Now I simulate a read count matrix:

set.seed(1)
count.mat <- matrix(as.integer(runif(10000*60 ,10, 200000)), nrow = 10000, ncol = 60,dimnames = list(paste0("gene",1:10000), df$sample_id))  So as the DESeq2 vignette part on Model matrix not full rank describes, my data have variable(s) that can be formed by the combination of other factor levels. For this reason running: DESeq2::DESeqDataSetFromMatrix(countData = count.mat, colData = df, design =~ cov1 + cov2 + animal_id + hemisphere*time_point)  I get the error: Error in checkFullRank(modelMatrix) : the model matrix is not full rank, so the model cannot be fit as specified. One or more variables or interaction terms in the design formula are linear combinations of the others and must be removed. Please read the vignette section 'Model matrix not full rank': vignette('DESeq2')  If I follow the DESeq2 vignette part on Group-specific condition effects, individuals nested within groups for fixing this issue the suggestion is to create a pseudo animal_id like this: df$pseudo_animal_id <- factor(unlist(lapply(unique(df$time_point),function(t)as.integer(factor(dplyr::filter(df,time_point == t)$animal_id)))))


And to create this design matrix:

design.mat <- model.matrix(~ cov1 + cov2 + time_point + time_point:pseudo_animal_id + time_point:hemisphere,data=df)


And then to remove the all-zero columns (empty levels):

all.zero.idx <- unname(which(apply(design.mat, 2, function(x) all(x==0))))
design.mat <- design.mat[,-all.zero.idx]


And then to create the data object with a simplified design matrix:

dds <- DESeq2::DESeqDataSetFromMatrix(countData = count.mat, colData = df, design =~ animal_id + hemisphere)

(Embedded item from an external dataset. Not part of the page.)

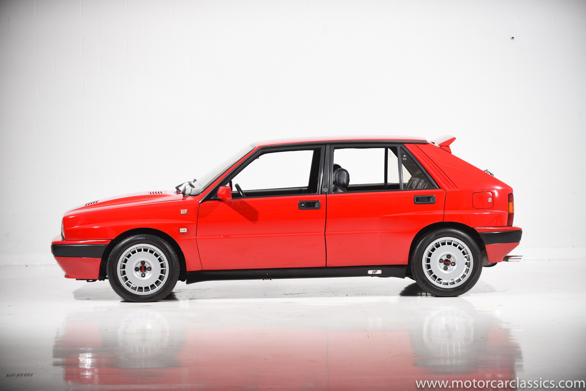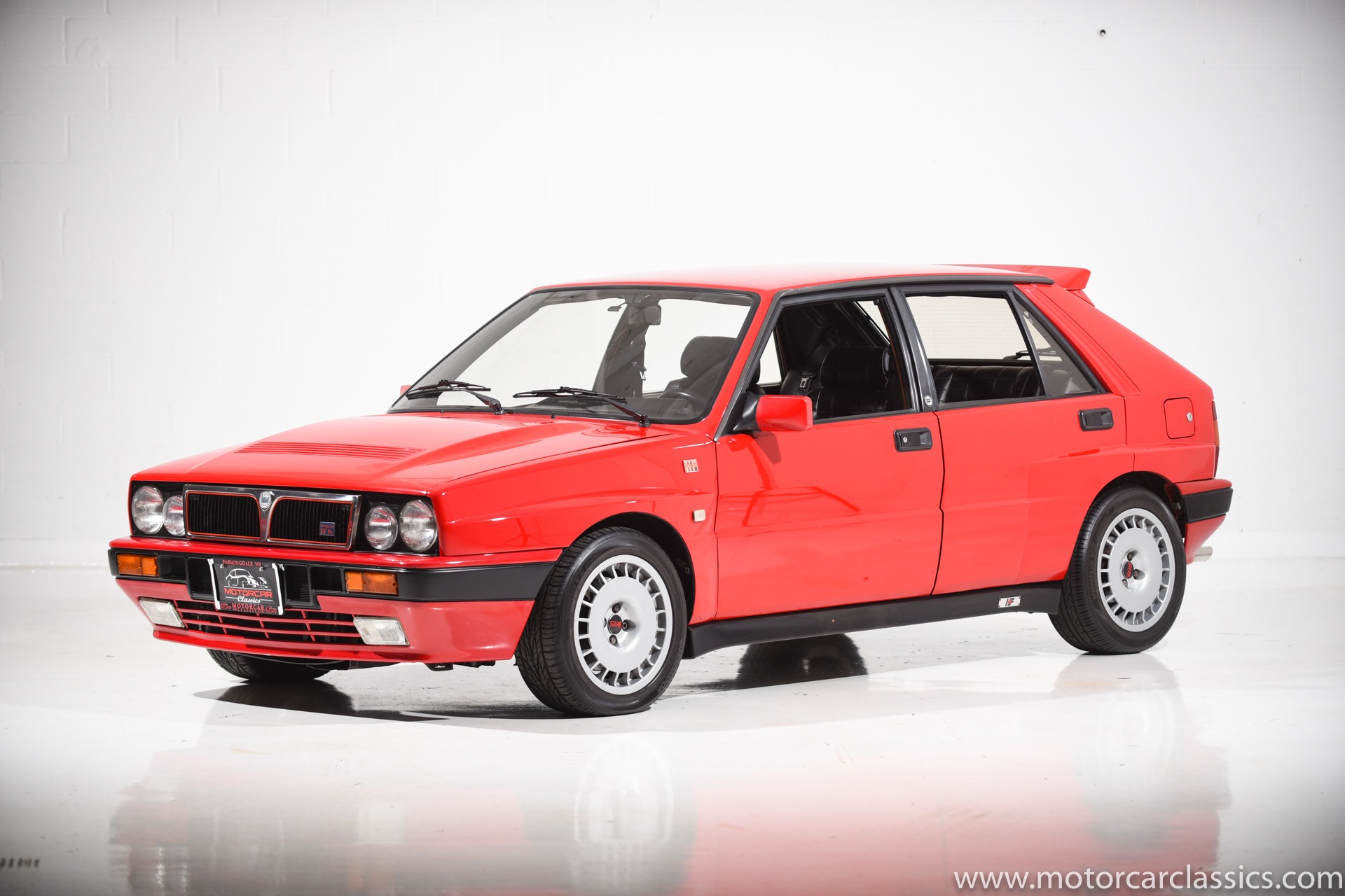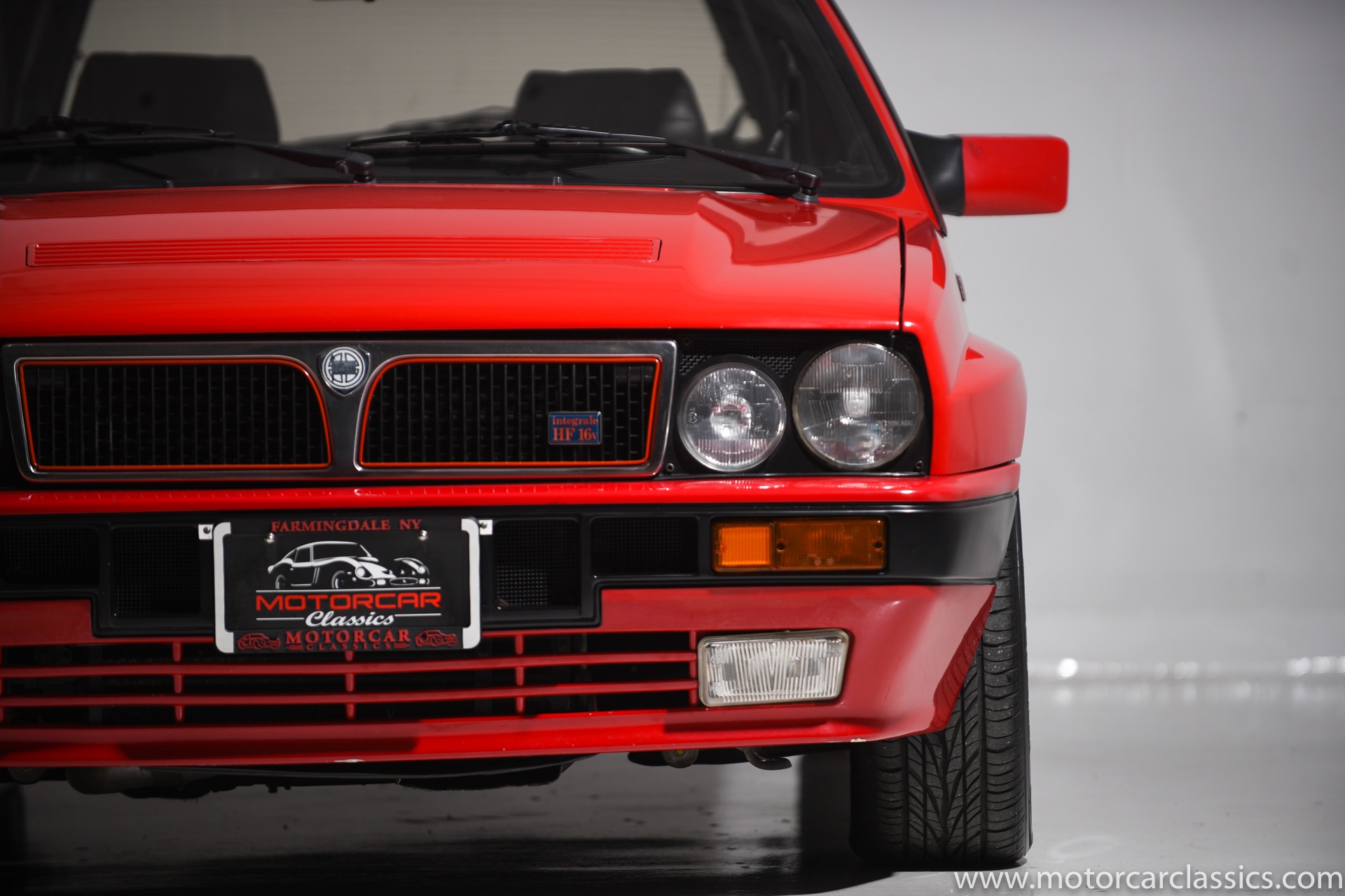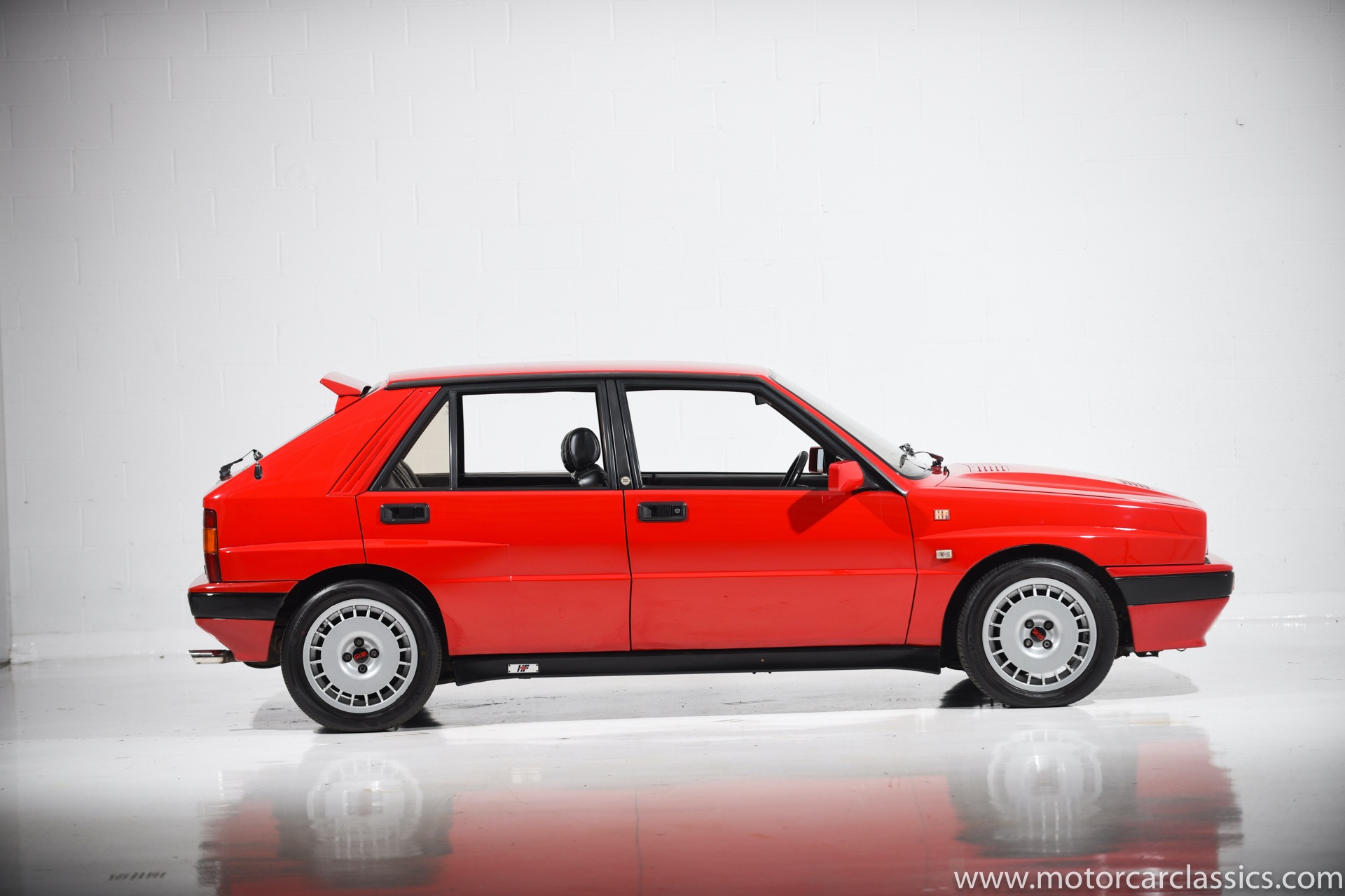 1991 Lancia Delta HF Integrale 16V for sale! Motorcar Classics is proud to present this very rare 1991 Lancia Delta HF Integrale 16V featured in red with black leather interior. A road-going descendant of Lancias world rally championship dominating cars, the Delta HF Integrale 16v features all-wheel drive, a front mounted engine and a Giugiaro-styled 5 door hatchback body style. The 2 litre engine is a turbocharged, double overhead camshaft, 4 cylinder unit that has an output of 207 bhp at 5750 rpm, and maximum torque of 220 lbft at 3500 rpm. The engine powers the wheels via a 5- speed manual transmission. Our superb example was originally delivered in Canada and imported to the US in 2010. It remains all original and has never been modified, rallied or raced. The car has only 35,523 miles. The Carfax reports a mileage inconsistency the result of the original odometer reading in kilometers. A documented change of the instrument shows the odometer being set to the correct reading, in miles, and the original instrument is included. This is surely one of the finest surviving original examples.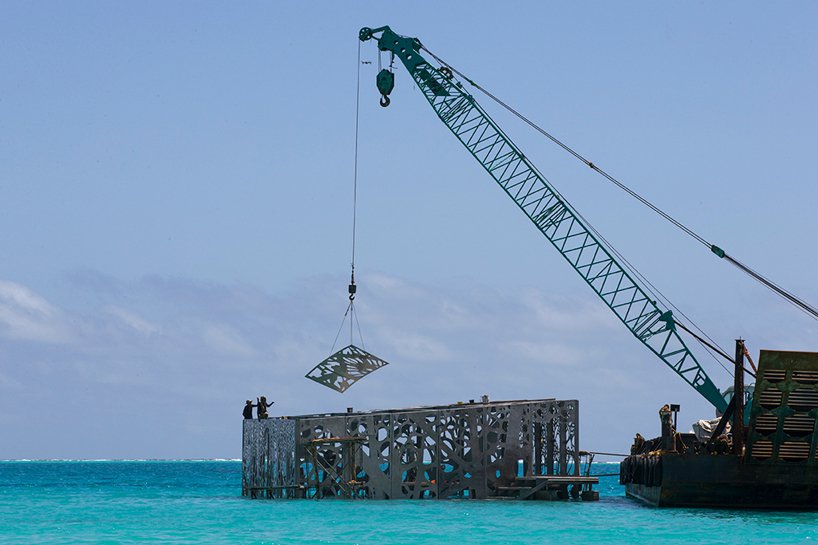 به گزارش گالري آنلاين، اين پروژه اولين پروژه مرجاني جزيره است و داراي يک فضاي گالري نيمه شناور و نيمه غرق شده است که مجموعه اي از آثار مجسمه را به نمايش درآورده است.

And then to run DESeq2 with design.mat:

dds <- DESeq2::DESeq(dds, full = design.mat, parallel=T)


The last step fails with the same error as above:

using supplied model matrix
Error in checkFullRank(full) :
the model matrix is not full rank, so the model cannot be fit as specified.
One or more variables or interaction terms in the design formula are linear
combinations of the others and must be removed.

vignette('DESeq2')


But if I eliminate cov1 and cov2 from the design matrix it runs fine.

But it's not clear to me how ti fix this covariates issue if I still wanted to account for them.

My higher level question is whether modeling the response as the difference in number of reads between the left and right hemispheres (L-R) per each animal wouldn't simplify this problem.

In that case the design would only be: cov1 + cov2 + time_point.

I guess it's probably not straight forward for the obvious reason that I'll have negative integers due to my subtraction, so I guess my question is what are my options? And in addition, if I have to either give up cov1 and cov2 or 'animal_id`, what would conceptually be a better choice?

DESeq2 paired design • 278 views
0
Entering edit mode
@mikelove
Last seen 20 hours ago
United States

For guidance on statistical design and interpreting coefficients, I recommend to work with a local statistician or someone familiar with linear models in R. I unfortunately only have sufficient time to answer software related questions on the support site.